Problem statement: Give back every line of the data exactly. Pictures are not part of the copy.

Given material:
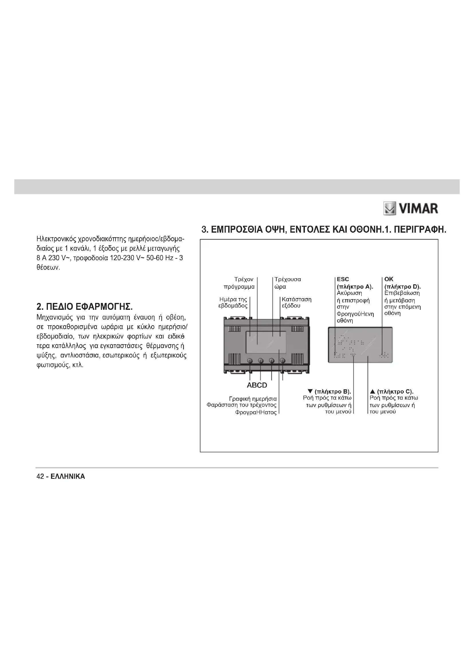 Ηλεκτρονικός χρονοδιακόπτης ημερήοιoc/εβδoμα- διαίος με 1 κανάλι, 1 έξοδος με ρελλέ μεταγωγής 8 A 230 V~, τροφοδοοία 120-230 V~ 50-60 Hz - 3
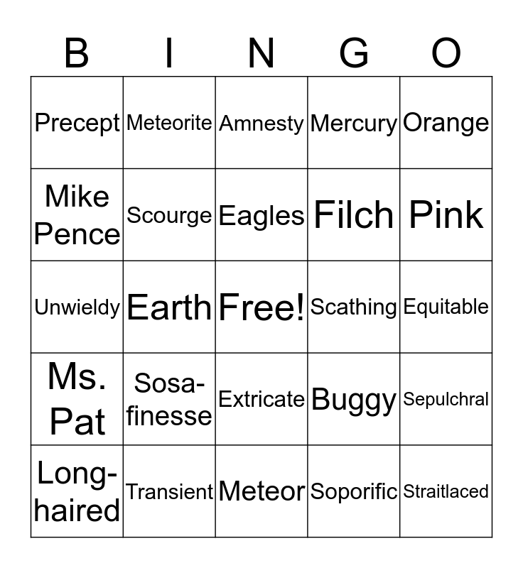 This bingo card has a free space and 24 words: Sosa-finesse, Transient, Eagles, Long-haired, Orange, Precept, Mike Pence, Meteorite, Scathing, Extricate, Filch, Unwieldy, Buggy, Sepulchral, Scourge, Soporific, Equitable, Amnesty, Pink, Earth, Straitlaced, Ms. Pat, Mercury and Meteor.
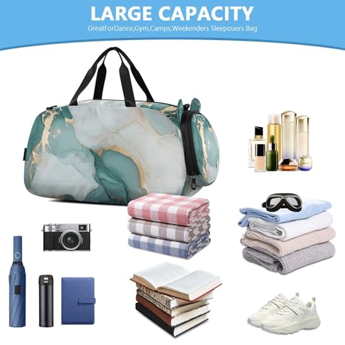 trending ! Kids Sports Duffel Bag for Boys & Girls - Swirling Marbling Teal Texture 100% Polyester Gym Bag with Separate Shoe Compartment, Adjustable Shoulder Strap, Compact Travel & Workout Gear Bag

Result for this exercise:
 Ηλεκτρονικός χρονοδιακόπτης ημερήοιoc/εβδoμα- διαίος με 1 κανάλι, 1 έξοδος με ρελλέ μεταγωγής 8 A 230 V~, τροφοδοοία 120-230 V~ 50-60 Hz - 3
 This bingo card has a free space and 24 words: Sosa-finesse, Transient, Eagles, Long-haired, Orange, Precept, Mike Pence, Meteorite, Scathing, Extricate, Filch, Unwieldy, Buggy, Sepulchral, Scourge, Soporific, Equitable, Amnesty, Pink, Earth, Straitlaced, Ms. Pat, Mercury and Meteor.
 trending ! Kids Sports Duffel Bag for Boys & Girls - Swirling Marbling Teal Texture 100% Polyester Gym Bag with Separate Shoe Compartment, Adjustable Shoulder Strap, Compact Travel & Workout Gear Bag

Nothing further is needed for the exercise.